Lou pulled at the brim of his ball cap to scratch his forehead. “We seen a couple different types since Mother Nature started pulling a ruckus. Folks been turned into blank slates. They got no idea how to talk or how to use a toilet. We seen one or two other folks who still have the basics but are real fuzzy on who they are and how they got here. And then there’s us who’re cursed to remember everything.”
“Cursed,” Finn said. “I’d give anything to remember.”
“Yeah, just be careful what you wish for.”
“Dad, we gotta get that food before sundown.”
“Ethan’s right.” He pointed a finger at the man spitting up blood. “Philip’s the only family Ethan and I have left. The others lost their minds and ran off when all hell broke loose. You know, we could really use another hand. There’s probably 1,000 of those brainless whackos running around for every one of us.”
Finn clapped a hand on Lou’s shoulder. “Appreciate the offer, Lou, but I’m on my way to a government compound just north of Salt Lake City.”
Lou’s face soured. “Oh, not you, too.”
The puzzled expression on Finn’s face must have showed.
“If you head on up there expecting the easy life, I can tell you right now you’re gonna be disappointed.”
“Why’s that?”
“Well, first off, it ain’t no government compound. If you haven’t noticed, there ain’t no government left.”
Finn wasn’t anywhere near being close to giving up the only lead he had. “There’s someone up there I need to speak with.”
Lou shook his head. “You’re a grown man, you do as you wish.”
“Maybe after I’m done I’ll pay you all a visit.”
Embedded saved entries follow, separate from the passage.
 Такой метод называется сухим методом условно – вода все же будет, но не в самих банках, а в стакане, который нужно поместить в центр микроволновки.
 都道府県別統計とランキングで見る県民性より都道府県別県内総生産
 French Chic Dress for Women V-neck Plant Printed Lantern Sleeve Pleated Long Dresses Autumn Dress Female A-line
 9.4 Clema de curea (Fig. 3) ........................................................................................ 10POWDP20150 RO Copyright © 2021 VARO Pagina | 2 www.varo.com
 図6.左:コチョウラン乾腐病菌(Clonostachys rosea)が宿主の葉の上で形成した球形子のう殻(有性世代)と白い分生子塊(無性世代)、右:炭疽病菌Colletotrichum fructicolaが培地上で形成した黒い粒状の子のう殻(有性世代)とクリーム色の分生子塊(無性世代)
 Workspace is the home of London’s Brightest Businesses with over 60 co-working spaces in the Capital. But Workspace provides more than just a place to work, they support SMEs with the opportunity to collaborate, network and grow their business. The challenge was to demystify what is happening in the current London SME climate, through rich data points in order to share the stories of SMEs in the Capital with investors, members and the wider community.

“We’re just three blocks south of here, Maple Street. Can’t miss the house, it’s the only one with a hunting stand on the roof.”
Ethan nudged his father. “It’s not south anymore, remember?”
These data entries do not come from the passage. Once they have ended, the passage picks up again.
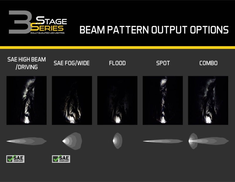 Features Modern TIR optics provide highest intensity on the market Backlight accent feature, in a brilliant amber color Durable powdercoated aluminum construction Integrated Deutsch-style connector Engineered and Assembled in USA Overview Introducing the SS3 3 inch LED Pod! Featuring higher output intensity than any other 3 inch light on the market, these LED pods have been designed for maximum functionality, with custom-engineered TIR optics shining in highly useful beam patterns, all in a durable package. All Stage Series LED pods are available in a cool white or selective yellow color, and sport or pro power levels. Focused. Traditional optics like reflectors or simple lenses lose light internally and to glare, so not all of the light shines on target. Instead, the custom-engineered TIR optic in the SS3 collects all of the light from the LED, and directs it only where you need it, drastically reducing glare and improving total efficiency. The total intensity of the SS3 is much greater than other LED pods using basic optics or reflectors with a standard outer lens. Backlight Functionality. The Stage Series 3" LED Pod is now available with a distinctive backlight, in a brilliant amber color. The SS3's backlight fully illuminates the TIR optic, providing a more unique and modern look than the small indicator LEDs found in other products. Simple connections. All SS3 LED pods feature a custom-molded DT type Deutsch-style connector on the back, and come with a 6-inch pigtail with bare leads.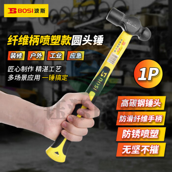 波斯(BOSI)纤维柄喷塑圆头锤防滑锤子榔头铁锤钢锤 BS351001(1P)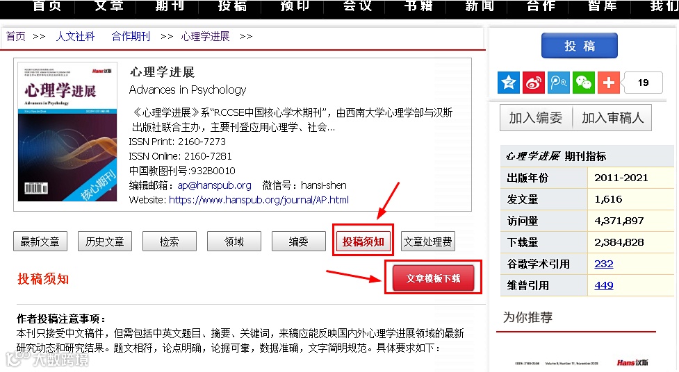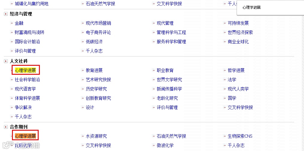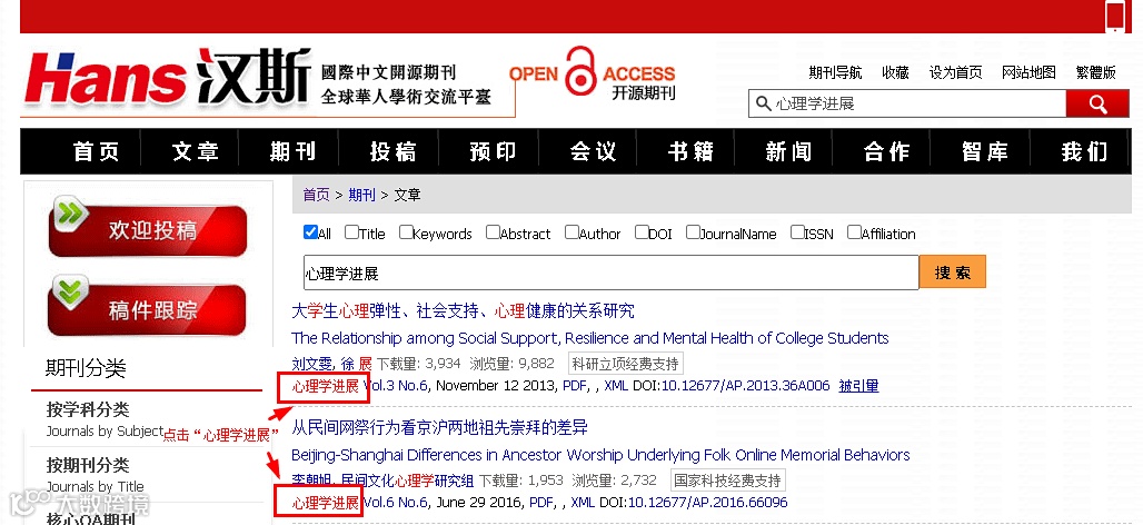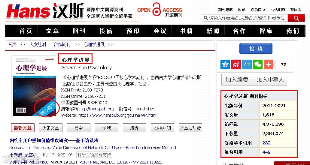 如果一本期刊为核心期刊,在我们汉斯出版社官网中都会被明确标出。以《心理学进展》期刊为例,我们一起来检索吧!

“Oh, ya,” Lou turned to Finn. “Hell, you know the world’s really upside down when north reads south and south reads north. We thought we had a faulty compass at first, but everyone we found’s been doing the same thing. Maybe it’s got something to do with those lights in the sky.”
Finn looked up, thinking about that last thing Lou said, wondering if he might just be right.
Dana Hatfield
Bernal Heights, CA
Right now, part of Dana was wishing she’d never left Fort Baker. Gagged, blindf
olded, and bound to a metal support beam, all she knew was that she was in some kind of basement, somewhere in Bernal Heights. She couldn’t see anyone around her, but she knew they were there. Shuffling, moaning, and by the sounds of it, they, too, were tied up no different than she was.
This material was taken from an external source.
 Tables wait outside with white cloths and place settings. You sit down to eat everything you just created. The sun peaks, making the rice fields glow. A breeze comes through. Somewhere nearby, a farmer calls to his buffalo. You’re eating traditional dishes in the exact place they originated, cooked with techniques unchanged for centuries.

The first thought that crossed her mind was whether or not the others around her were talkers. The second, however, was far more frightening.
Was this where they held the people about to be executed?
That was what those two assholes on the flatbed had told her. Jeffereys was going house to house, and if any one of those mindless fucks gave him attitude, he would waste them.
Cold sonsabitches.
She needed to get out of here and soon.
It was clear enough just from the feel of it that the knot holding the blindfold against her eyes hadn’t been tied by a sailor. It was a sloppy, double job, that was bound to come loose sooner or later. The knot itself was at the back of her head. Dana began rubbing it against the support beam she was lashed to. Slowly, she worked the knot up and over her head. A simple flick of her neck sent it skittering into the darkness.
Moonlight crept in from a narrow window, casting enough light to let her know she was in a basement, and it was packed with people who were also tied up. Someone next to her was crying, and even in the dim light it was quickly apparent that the others here were female. She’d wanted to say women, but that wasn’t quite it. A tiny shape curled up in the corner, rocking back and forth, couldn’t have been older than 10 or 11.
What were these sick bastards up to?
These women had just lived through a major earthquake as well as an event that had done something to their minds, and now, to top it all off, they were being corralled into a dank basement rather than being fed and cared for.